_DATA SUPPLIED_.

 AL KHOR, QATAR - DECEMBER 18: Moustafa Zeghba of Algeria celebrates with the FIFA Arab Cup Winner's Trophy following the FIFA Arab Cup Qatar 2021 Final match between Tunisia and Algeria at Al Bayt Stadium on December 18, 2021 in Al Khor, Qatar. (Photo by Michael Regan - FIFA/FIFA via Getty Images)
* * *
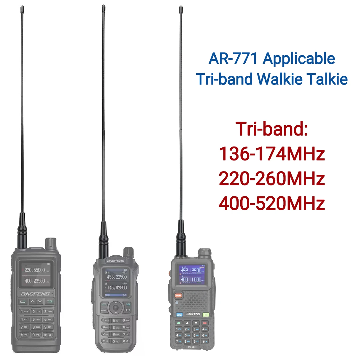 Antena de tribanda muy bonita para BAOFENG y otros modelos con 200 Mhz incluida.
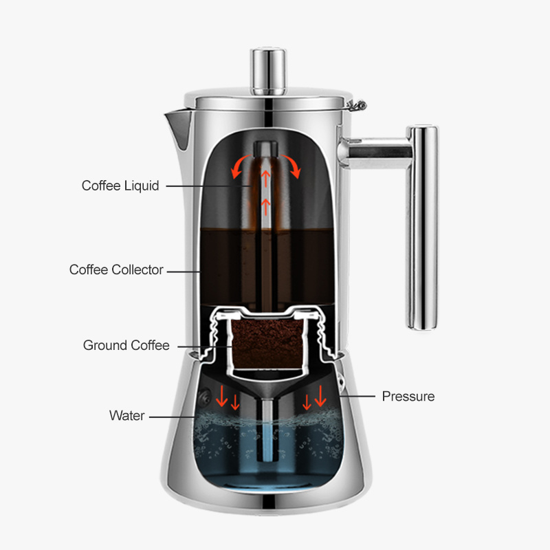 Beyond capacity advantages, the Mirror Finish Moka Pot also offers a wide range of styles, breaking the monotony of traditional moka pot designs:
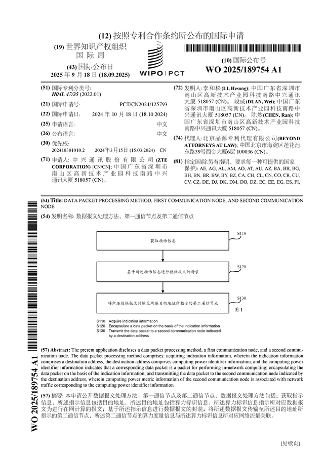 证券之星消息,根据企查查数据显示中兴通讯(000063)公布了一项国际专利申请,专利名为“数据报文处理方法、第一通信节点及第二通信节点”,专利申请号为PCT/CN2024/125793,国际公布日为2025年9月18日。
---
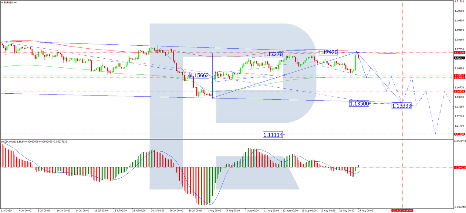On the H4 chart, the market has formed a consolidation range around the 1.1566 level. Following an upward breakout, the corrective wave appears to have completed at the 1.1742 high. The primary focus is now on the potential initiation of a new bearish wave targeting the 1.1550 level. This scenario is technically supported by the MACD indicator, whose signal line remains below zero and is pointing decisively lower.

_PROBLEM TO WORK ON_. Though the entries above contain pictures, none should be copied; reproduce only the lines between the one holding "Antena de tribanda" and the one holding "证券之星消息,根据企查查数据", inclusive, exactly as written.

_FINISHED TASK_.
 Antena de tribanda muy bonita para BAOFENG y otros modelos con 200 Mhz incluida.
 Beyond capacity advantages, the Mirror Finish Moka Pot also offers a wide range of styles, breaking the monotony of traditional moka pot designs:
 证券之星消息,根据企查查数据显示中兴通讯(000063)公布了一项国际专利申请,专利名为“数据报文处理方法、第一通信节点及第二通信节点”,专利申请号为PCT/CN2024/125793,国际公布日为2025年9月18日。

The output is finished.